WORK TO COMPLETE: Taking the line with "Experience the peaceful" as the first and the line with "The Hyakumangoku Festival, held" as the last, set down the lines below exactly, pictures excluded.

DATA RECORDS:

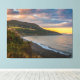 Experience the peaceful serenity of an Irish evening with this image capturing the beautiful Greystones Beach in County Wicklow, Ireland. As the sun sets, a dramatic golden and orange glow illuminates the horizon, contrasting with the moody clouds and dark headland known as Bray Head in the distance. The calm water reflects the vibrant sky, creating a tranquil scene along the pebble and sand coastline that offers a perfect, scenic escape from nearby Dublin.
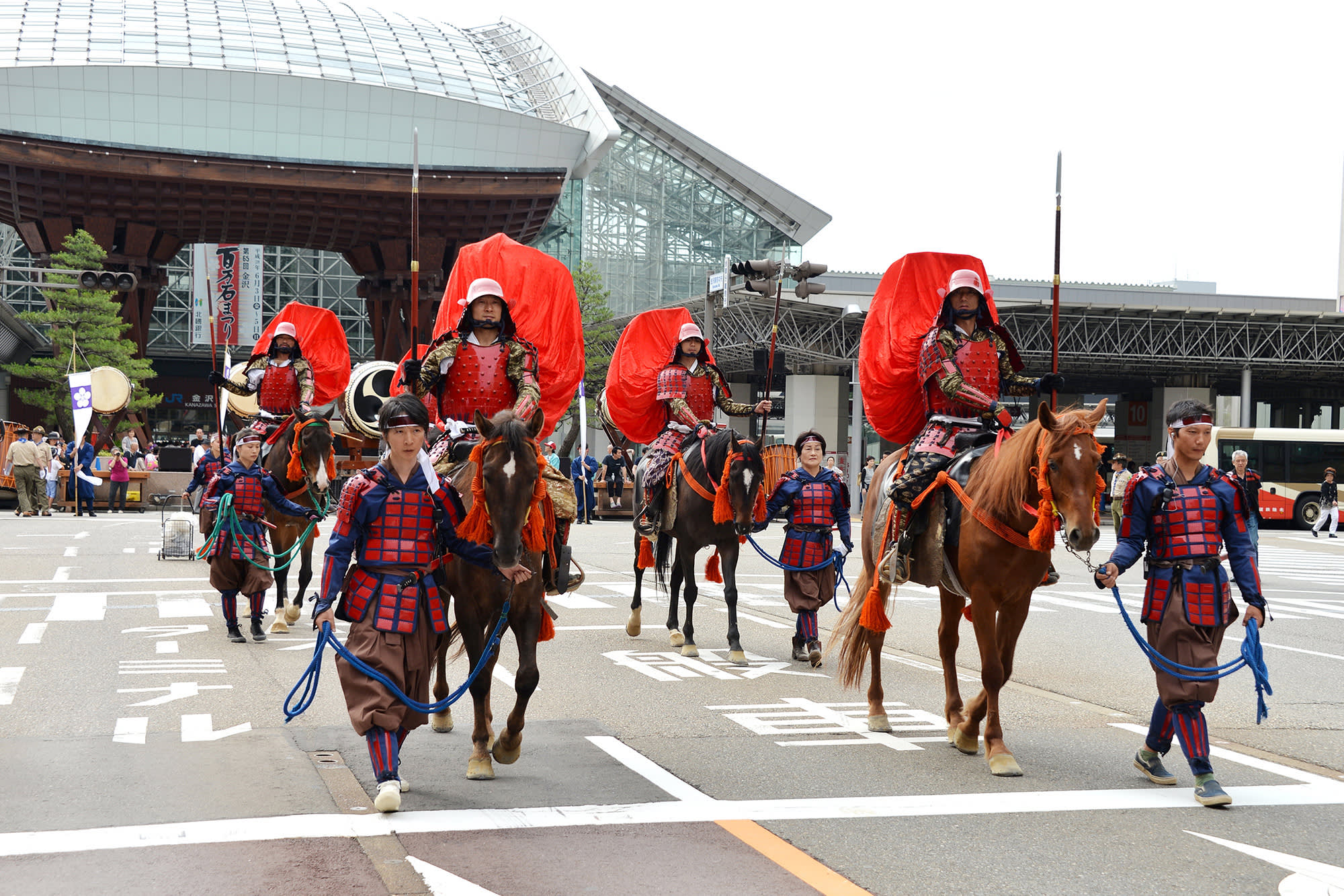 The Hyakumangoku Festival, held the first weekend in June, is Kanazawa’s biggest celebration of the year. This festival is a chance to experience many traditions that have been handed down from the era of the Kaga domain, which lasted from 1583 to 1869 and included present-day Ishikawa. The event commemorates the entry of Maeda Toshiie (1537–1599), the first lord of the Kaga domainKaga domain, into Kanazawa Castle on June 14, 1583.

...

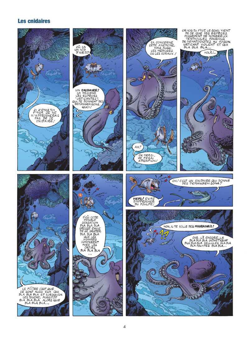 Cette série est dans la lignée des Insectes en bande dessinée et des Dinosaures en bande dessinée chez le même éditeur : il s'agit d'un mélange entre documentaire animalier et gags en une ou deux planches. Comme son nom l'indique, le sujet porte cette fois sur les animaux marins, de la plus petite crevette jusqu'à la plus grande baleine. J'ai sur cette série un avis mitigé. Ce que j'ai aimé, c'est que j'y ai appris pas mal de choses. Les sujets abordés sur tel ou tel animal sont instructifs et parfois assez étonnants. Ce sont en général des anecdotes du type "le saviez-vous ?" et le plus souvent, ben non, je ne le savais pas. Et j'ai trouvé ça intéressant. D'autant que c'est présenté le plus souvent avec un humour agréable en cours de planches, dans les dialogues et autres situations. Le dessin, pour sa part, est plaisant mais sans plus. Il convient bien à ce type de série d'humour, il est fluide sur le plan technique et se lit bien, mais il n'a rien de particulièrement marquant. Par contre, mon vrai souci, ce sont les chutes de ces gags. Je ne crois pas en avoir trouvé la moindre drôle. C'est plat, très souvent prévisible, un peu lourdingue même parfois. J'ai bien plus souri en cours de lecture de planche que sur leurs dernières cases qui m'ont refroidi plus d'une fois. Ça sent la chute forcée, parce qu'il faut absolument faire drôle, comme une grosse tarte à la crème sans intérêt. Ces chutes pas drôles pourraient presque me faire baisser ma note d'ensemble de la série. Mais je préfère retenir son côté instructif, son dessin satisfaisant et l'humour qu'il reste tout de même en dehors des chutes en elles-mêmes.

WRITTEN ANSWER:
 Experience the peaceful serenity of an Irish evening with this image capturing the beautiful Greystones Beach in County Wicklow, Ireland. As the sun sets, a dramatic golden and orange glow illuminates the horizon, contrasting with the moody clouds and dark headland known as Bray Head in the distance. The calm water reflects the vibrant sky, creating a tranquil scene along the pebble and sand coastline that offers a perfect, scenic escape from nearby Dublin.
 The Hyakumangoku Festival, held the first weekend in June, is Kanazawa’s biggest celebration of the year. This festival is a chance to experience many traditions that have been handed down from the era of the Kaga domain, which lasted from 1583 to 1869 and included present-day Ishikawa. The event commemorates the entry of Maeda Toshiie (1537–1599), the first lord of the Kaga domainKaga domain, into Kanazawa Castle on June 14, 1583.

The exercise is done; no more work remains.